• _Your objective_
Leave out the pictures and output exactly the lines below from the one with "CADDIE CLUB专注于" down to the one with "Todas las plantas", both of them included.

• _Records supplied_

§

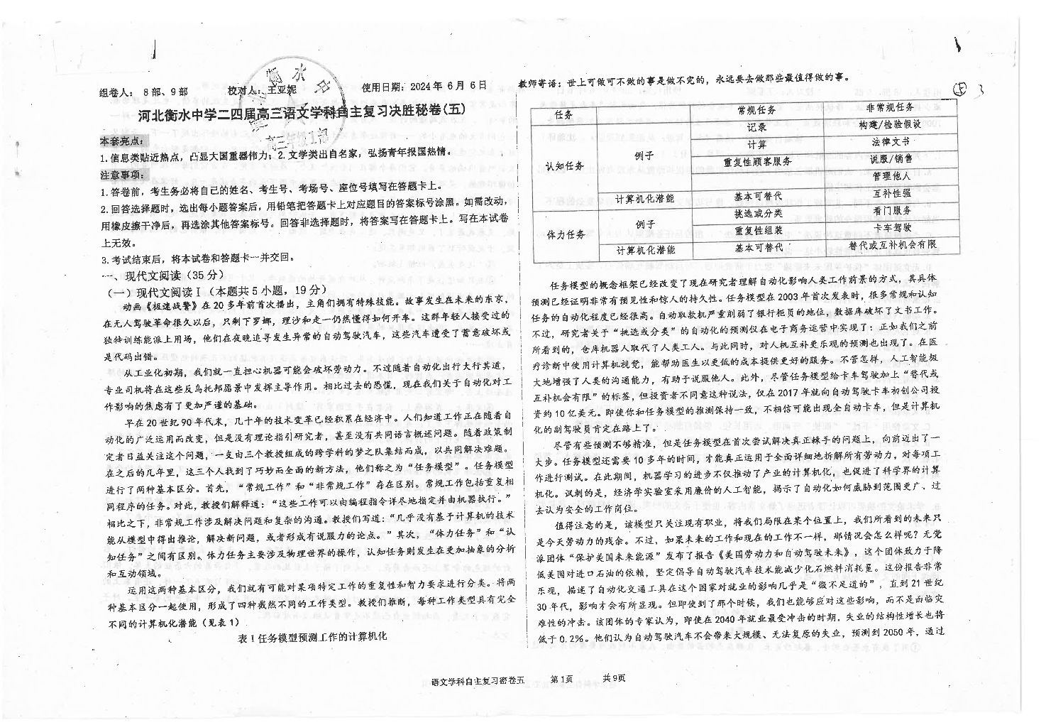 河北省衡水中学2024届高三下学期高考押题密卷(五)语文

§

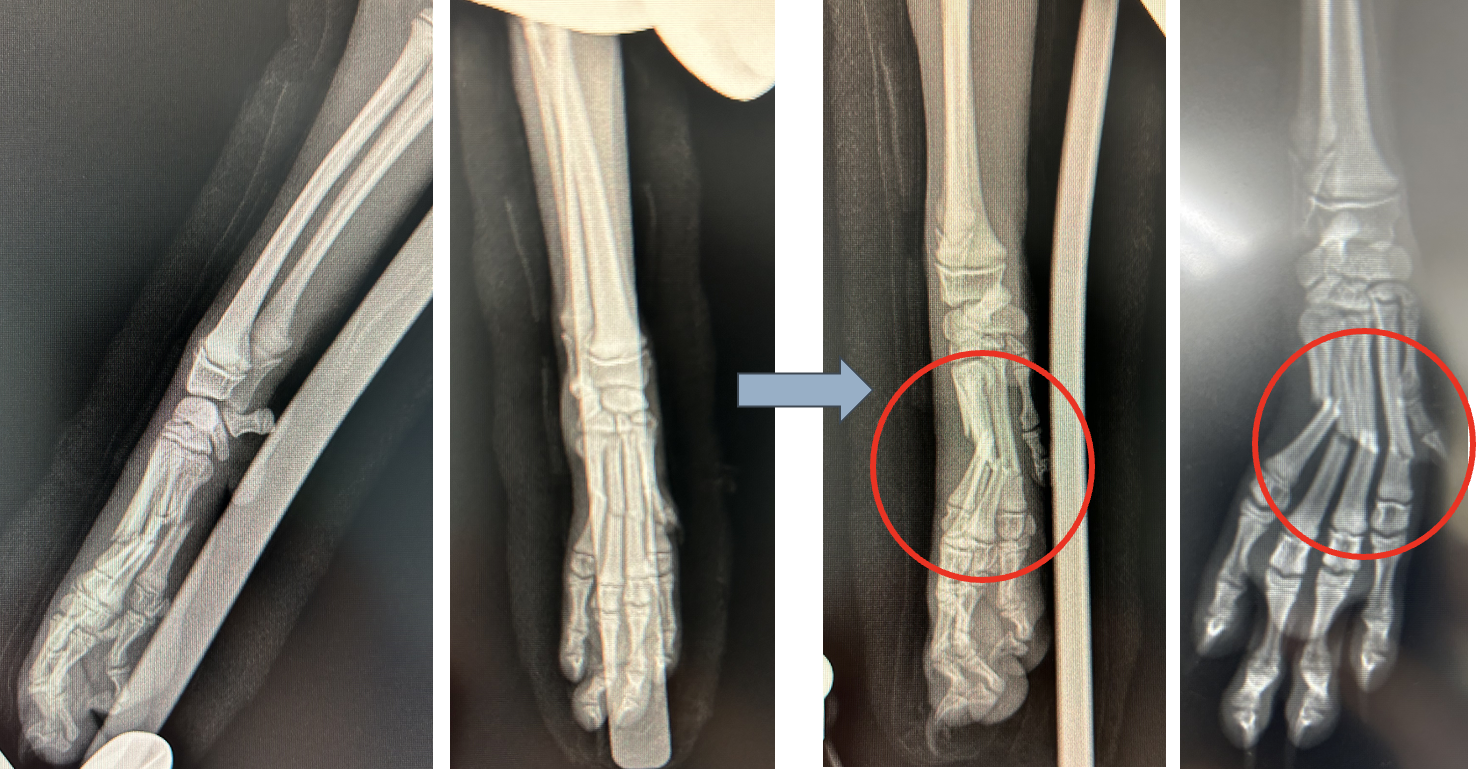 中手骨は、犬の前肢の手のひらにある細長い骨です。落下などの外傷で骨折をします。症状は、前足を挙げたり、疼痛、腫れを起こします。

§

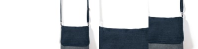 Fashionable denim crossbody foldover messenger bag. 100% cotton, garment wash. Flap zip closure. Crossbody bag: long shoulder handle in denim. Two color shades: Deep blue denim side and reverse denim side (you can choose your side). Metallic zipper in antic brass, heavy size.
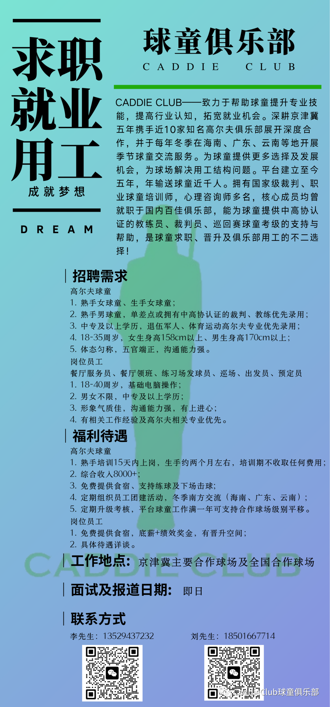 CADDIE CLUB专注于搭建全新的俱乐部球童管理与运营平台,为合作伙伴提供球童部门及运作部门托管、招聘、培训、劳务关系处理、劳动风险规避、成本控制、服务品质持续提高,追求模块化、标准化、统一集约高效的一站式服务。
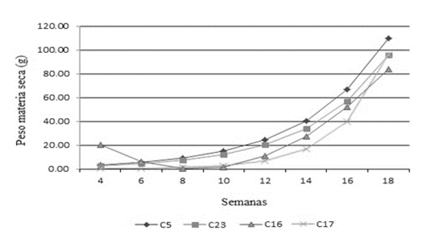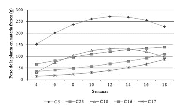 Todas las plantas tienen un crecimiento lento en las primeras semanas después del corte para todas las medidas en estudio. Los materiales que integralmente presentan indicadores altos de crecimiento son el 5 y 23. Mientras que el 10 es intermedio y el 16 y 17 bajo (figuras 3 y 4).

§

• _Task response_
 CADDIE CLUB专注于搭建全新的俱乐部球童管理与运营平台,为合作伙伴提供球童部门及运作部门托管、招聘、培训、劳务关系处理、劳动风险规避、成本控制、服务品质持续提高,追求模块化、标准化、统一集约高效的一站式服务。
 Todas las plantas tienen un crecimiento lento en las primeras semanas después del corte para todas las medidas en estudio. Los materiales que integralmente presentan indicadores altos de crecimiento son el 5 y 23. Mientras que el 10 es intermedio y el 16 y 17 bajo (figuras 3 y 4).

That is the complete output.